The answer should hold only the lines from the one containing "Happy Little Girl" through the one containing "Term limits is" in the entries below, copied exactly, without pictures.

- THE INPUT
§ §

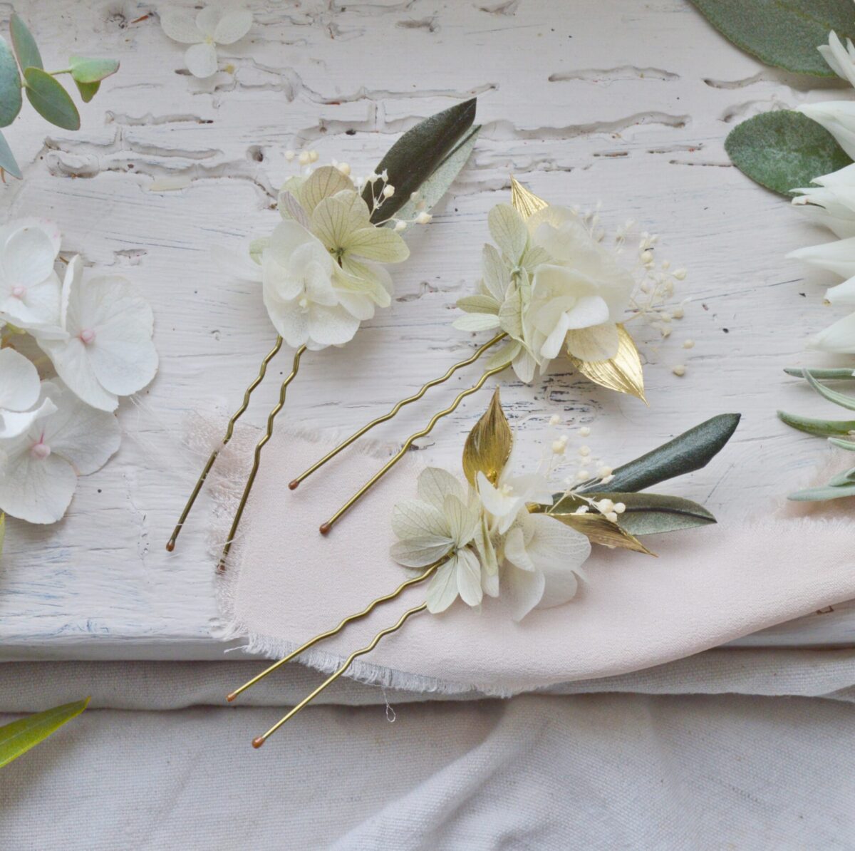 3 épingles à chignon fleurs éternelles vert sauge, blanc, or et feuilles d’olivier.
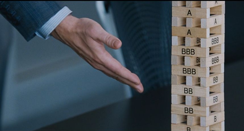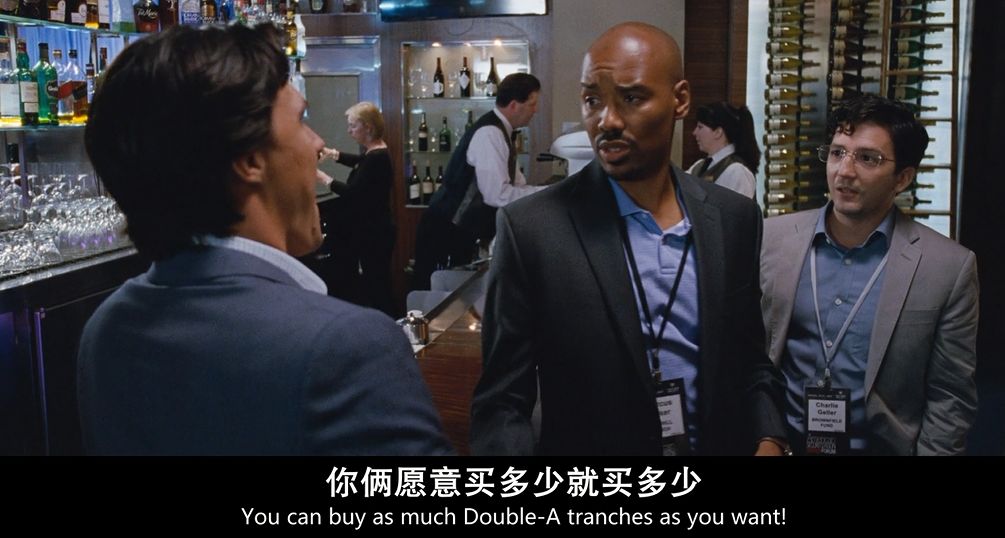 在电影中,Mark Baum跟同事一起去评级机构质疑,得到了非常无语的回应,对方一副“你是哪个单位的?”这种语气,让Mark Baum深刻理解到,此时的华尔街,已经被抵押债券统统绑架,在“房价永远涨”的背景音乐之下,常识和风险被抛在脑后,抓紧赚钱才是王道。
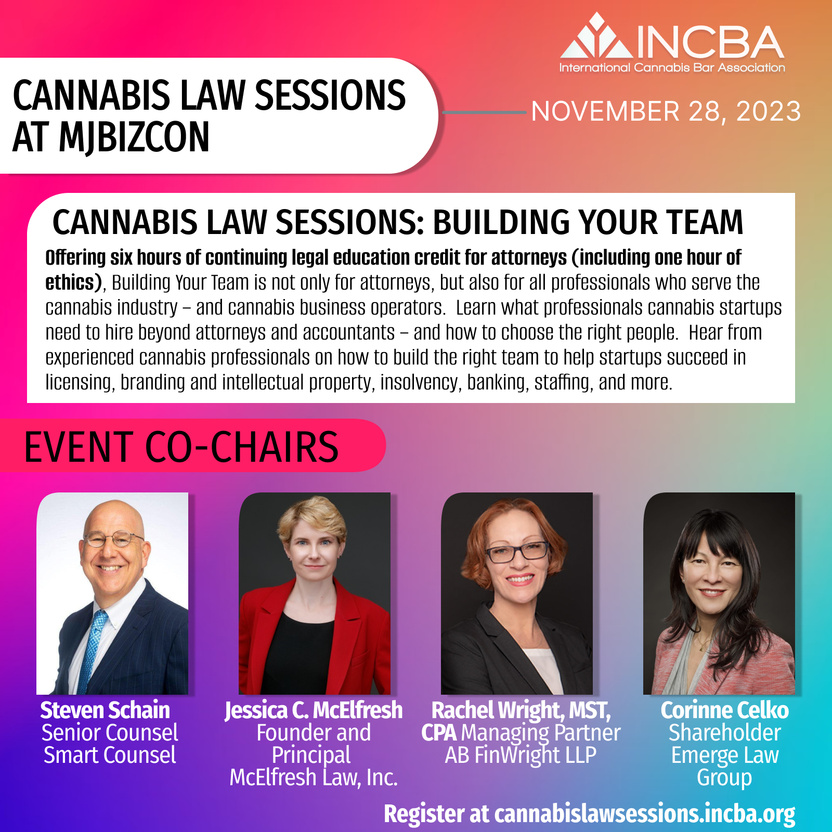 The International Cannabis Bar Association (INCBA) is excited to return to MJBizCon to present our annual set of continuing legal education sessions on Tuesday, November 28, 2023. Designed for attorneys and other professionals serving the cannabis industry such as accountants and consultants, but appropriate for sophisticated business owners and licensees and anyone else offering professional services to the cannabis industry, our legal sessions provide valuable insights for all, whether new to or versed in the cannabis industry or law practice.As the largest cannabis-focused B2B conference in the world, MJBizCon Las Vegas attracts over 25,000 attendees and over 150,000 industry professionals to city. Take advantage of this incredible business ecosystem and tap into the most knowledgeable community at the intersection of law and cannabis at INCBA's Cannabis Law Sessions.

§ §

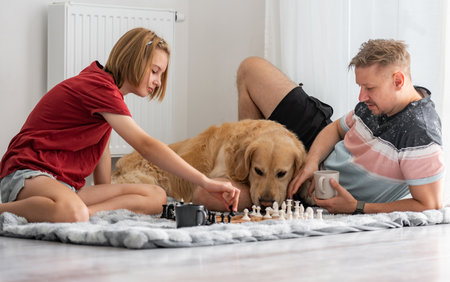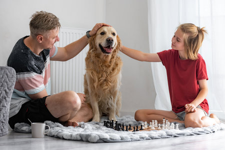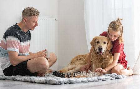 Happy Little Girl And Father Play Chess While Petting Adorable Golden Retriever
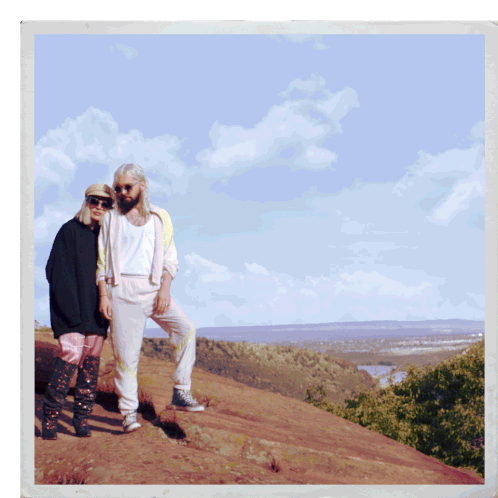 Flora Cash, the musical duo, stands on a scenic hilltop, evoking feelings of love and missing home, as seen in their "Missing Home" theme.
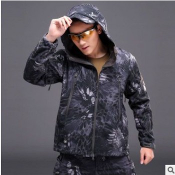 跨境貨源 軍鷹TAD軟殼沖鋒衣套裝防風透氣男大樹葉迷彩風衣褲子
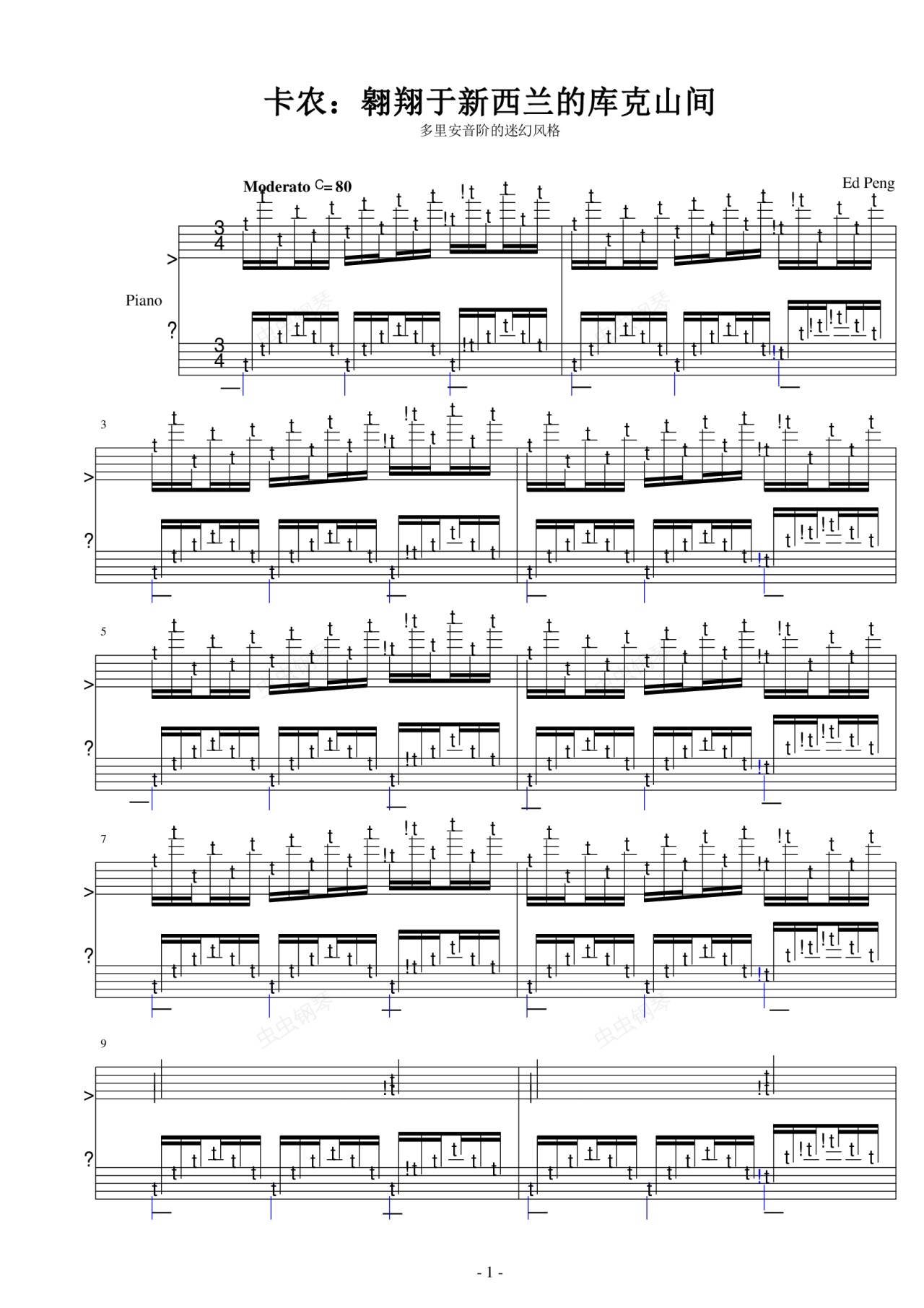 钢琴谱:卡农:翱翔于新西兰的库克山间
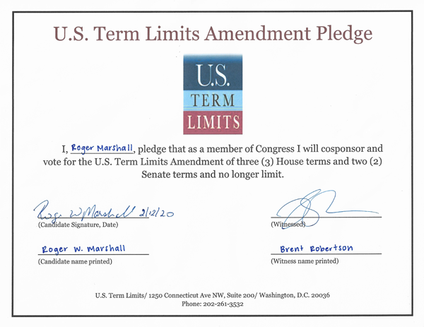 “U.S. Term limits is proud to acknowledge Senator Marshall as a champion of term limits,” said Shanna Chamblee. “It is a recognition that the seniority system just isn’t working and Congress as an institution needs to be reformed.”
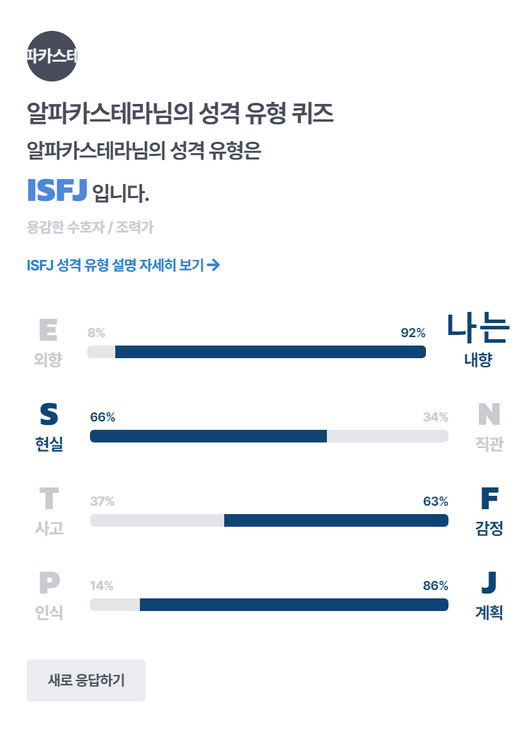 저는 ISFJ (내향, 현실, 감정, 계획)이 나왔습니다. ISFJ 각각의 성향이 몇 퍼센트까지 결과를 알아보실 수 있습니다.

§ §

- OUTPUT OF THE TASK
 Happy Little Girl And Father Play Chess While Petting Adorable Golden Retriever
 Flora Cash, the musical duo, stands on a scenic hilltop, evoking feelings of love and missing home, as seen in their "Missing Home" theme.
 跨境貨源 軍鷹TAD軟殼沖鋒衣套裝防風透氣男大樹葉迷彩風衣褲子
 钢琴谱:卡农:翱翔于新西兰的库克山间
 “U.S. Term limits is proud to acknowledge Senator Marshall as a champion of term limits,” said Shanna Chamblee. “It is a recognition that the seniority system just isn’t working and Congress as an institution needs to be reformed.”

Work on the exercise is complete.